Activity » The records below are to be set down word for word, with every picture left out.

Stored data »
[Start of section]

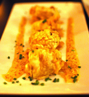 We were finally seated a little after 8:30 PM and we were all famished. To start, Bret and I split some appetizers with Justin and his wife Leah. First, we split the deep-fried pickles and pastrami. I honestly wasn't sure what to expect. I was envisioning a basket of pastrami topped with deep-fried pickles. Instead, this appetizer consisted of a thin slice of pastrami wrapped around a pickle and deep-fried with a tangy mustard and chopped onions. This definitely wasn't the healthiest first bite but it was certainly the tastiest.
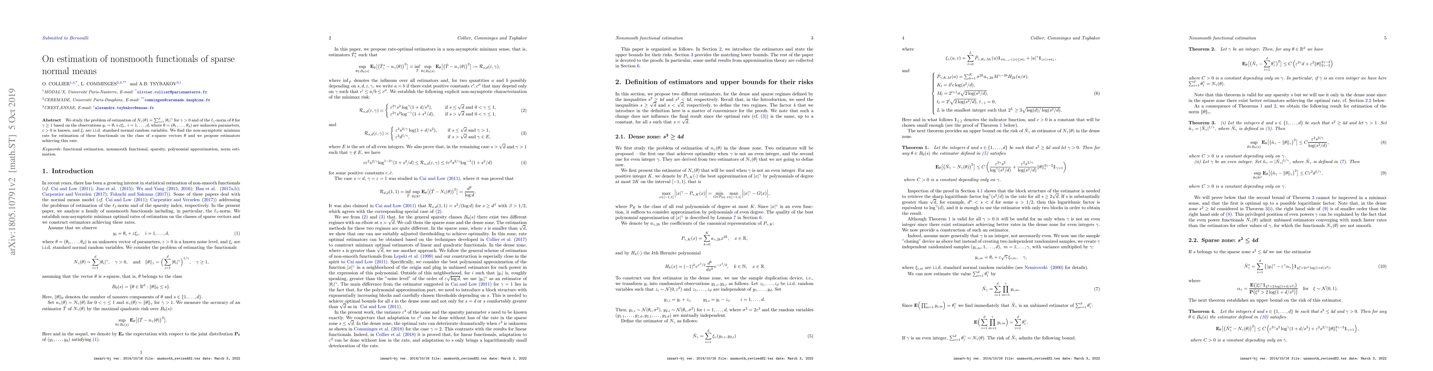 Researchers studied estimating a nonsmooth functional of sparse normal means with a focus on minimax risk and proposed estimators achieving the optimal rate. They found that their approach can estimate such functionals with high accuracy.
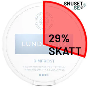När man köper en dosa Lundgrens Rimfrost Original från den klassiska snustillverkaren Fiedler & Lundgren går 29% till skatt. 9 procent är ren snusskatt, 20 procent är moms.
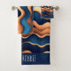 Golden Wave Blue Watercolor Abstract Pattern Bath Towel Set
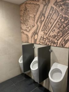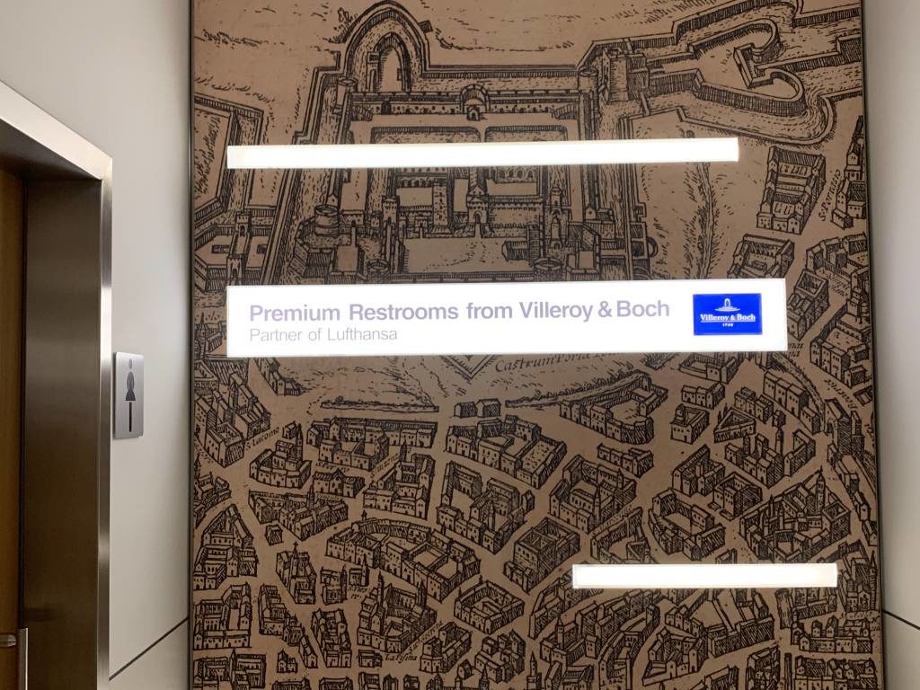 Der Zugang zu den Toiletten befindet sich hinter einer Glasschiebetür. Dort werdet Ihr mit einem „Premium Restrooms by Villeroy & Boch“ empfangen. Der komplette Bereich ist ziemlich stylisch eingerichtet. Die Toiletten waren bei unserem Besuch sehr sauber.
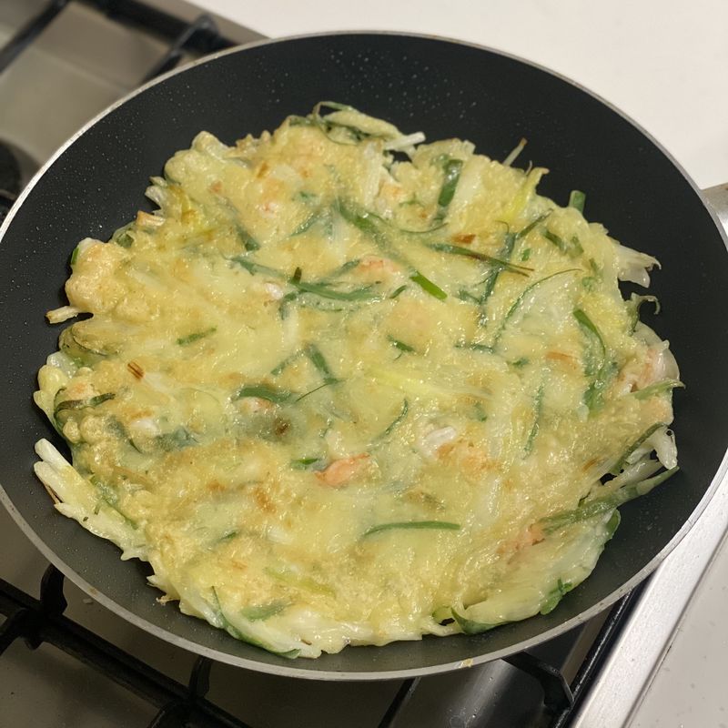 오징어가 없어서 냉동실에 있던 새우를 작게 잘라 같이 반죽에 넣었구요.
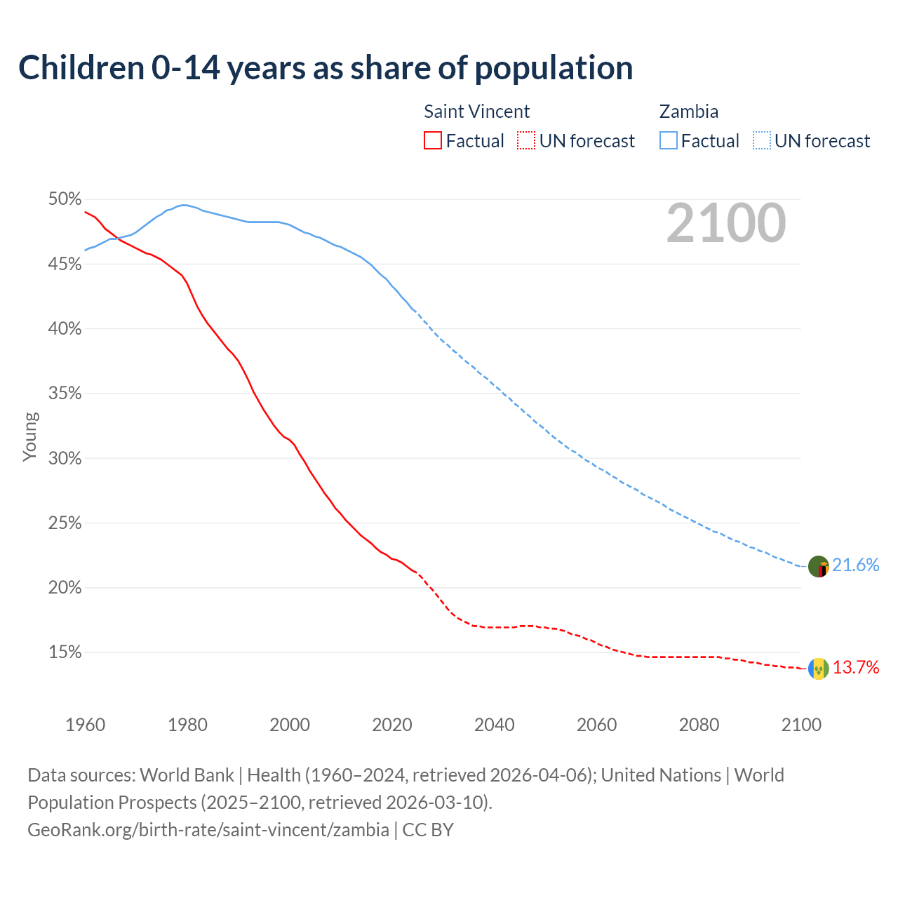 According to the latest available data on birth rates, the fertility rate in Saint Vincent was 1.78 children per woman in 2023, compared to 4.1 in Zambia in 2023. The replacement level is considered to be 2.1 children per woman.

[End of section]

Solved exercise »
 We were finally seated a little after 8:30 PM and we were all famished. To start, Bret and I split some appetizers with Justin and his wife Leah. First, we split the deep-fried pickles and pastrami. I honestly wasn't sure what to expect. I was envisioning a basket of pastrami topped with deep-fried pickles. Instead, this appetizer consisted of a thin slice of pastrami wrapped around a pickle and deep-fried with a tangy mustard and chopped onions. This definitely wasn't the healthiest first bite but it was certainly the tastiest.
 Researchers studied estimating a nonsmooth functional of sparse normal means with a focus on minimax risk and proposed estimators achieving the optimal rate. They found that their approach can estimate such functionals with high accuracy.
När man köper en dosa Lundgrens Rimfrost Original från den klassiska snustillverkaren Fiedler & Lundgren går 29% till skatt. 9 procent är ren snusskatt, 20 procent är moms.
 Golden Wave Blue Watercolor Abstract Pattern Bath Towel Set
 Der Zugang zu den Toiletten befindet sich hinter einer Glasschiebetür. Dort werdet Ihr mit einem „Premium Restrooms by Villeroy & Boch“ empfangen. Der komplette Bereich ist ziemlich stylisch eingerichtet. Die Toiletten waren bei unserem Besuch sehr sauber.
 오징어가 없어서 냉동실에 있던 새우를 작게 잘라 같이 반죽에 넣었구요.
 According to the latest available data on birth rates, the fertility rate in Saint Vincent was 1.78 children per woman in 2023, compared to 4.1 in Zambia in 2023. The replacement level is considered to be 2.1 children per woman.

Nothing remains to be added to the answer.